The mainstream media in Canada — that is, outlets such as the CBC and the Globe and Mail — are complicit as well. They’ve been complaining that Prime Minister Justin Trudeau hasn’t been more hostile to the Cuban government. This is par for the course for media elites — policing who ought to condemn what takes precedence for them over encouraging our government to grapple with the social and economic crises at home.

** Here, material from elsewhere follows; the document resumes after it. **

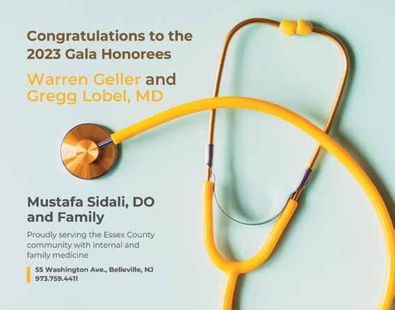 East Coast Advanced Plastic Surgery, LLC 200 S. ORANGE AVE, SUITE 295 | LIVINGSTON, NJ 07030 | 201.449.1000 | WWW.ECAPLASTICSURGERY.COM Left to right: Mazen Bedri, MD, Charbel Chalfoun, MD, Dean Cerio, MD, Cyrus Loghmanee MD, Jonathan Keith, MD CONGRATULATIONS to the 2023 Gala Honorees WARREN GELLER & GREGG LOBEL, MD Congratulations 2023 Gala Honorees Samuel Agahiu, MD Emmanuelle Gilles, MD Louis C. Jan, MD Marc Zelkowitz, MD Jasmeena Amin, APN Bergen Kidney Center, P.C. 300 Grand Avenue, Suite 101, Englewood, NJ 07631 250 Old Hook Road, Suite 303B, Westwood, NJ 07675 phone (201) 567-5787 | fax (201) 567-7652 | www.bergenkidneycenter.com Warren

This is not to say Canada has zero ethical responsibility to those outside the country. Indeed, one may argue that the Canadian government can play a role in easing the suffering of Cubans as a relatively more powerful country, allied with the global hegemon. And yet, our government hasn’t been very responsive to Cubans and Cuban Canadians that have asked, in line with the global consensus, for help in removing the American blockade against the country. This demand hasn’t been popular among the aforementioned groups that purport to care about the Cuban people so much, either.
Marc Garneau, Canada’s minister of foreign affairs, is happy to join the U.S. in expressing “Canada’s deep concern” about the Cuban government, but has refrained from pressuring our ally to simply lift the economically devastating embargo on Cuba that is hurting the population at large, impeding access to lifesaving medicines and supplies, and causing shortages.
Those that complain of our government not being more like the U.S. when it comes to Cuba have no concern for the dignity of Cubans or Canadians, but only for ideologically affirming themselves and their valued sources of support and profit.
We should wish for everyone in the world to have access to what they need to survive, but be vigilant in recognizing when our government, political movements and media are encouraging us to look abroad while closing our eyes here. Let’s get our own house in order.